> **ACTIVITY**: How many of the lines in the material below contain the word "that"? Give the number alone.

> **GIVEN DATA**:

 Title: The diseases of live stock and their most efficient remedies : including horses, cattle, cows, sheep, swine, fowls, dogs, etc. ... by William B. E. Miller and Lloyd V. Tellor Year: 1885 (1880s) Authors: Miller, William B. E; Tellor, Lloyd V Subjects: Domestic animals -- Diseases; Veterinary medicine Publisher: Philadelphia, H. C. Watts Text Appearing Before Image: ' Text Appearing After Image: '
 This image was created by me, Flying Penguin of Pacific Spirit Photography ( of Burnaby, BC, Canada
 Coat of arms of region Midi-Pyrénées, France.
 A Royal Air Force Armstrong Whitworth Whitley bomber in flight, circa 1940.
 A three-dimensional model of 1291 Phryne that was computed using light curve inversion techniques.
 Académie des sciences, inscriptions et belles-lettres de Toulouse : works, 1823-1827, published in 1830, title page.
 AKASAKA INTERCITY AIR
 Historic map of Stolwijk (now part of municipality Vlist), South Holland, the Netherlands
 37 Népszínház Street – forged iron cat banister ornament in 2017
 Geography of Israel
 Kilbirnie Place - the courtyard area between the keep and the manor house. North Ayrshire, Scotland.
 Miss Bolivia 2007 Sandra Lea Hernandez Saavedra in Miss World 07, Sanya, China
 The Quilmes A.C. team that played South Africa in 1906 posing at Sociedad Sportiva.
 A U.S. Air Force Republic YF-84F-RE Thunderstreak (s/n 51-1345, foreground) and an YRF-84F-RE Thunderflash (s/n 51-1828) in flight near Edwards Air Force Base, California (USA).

> **RESULT OF THE TASK**: 2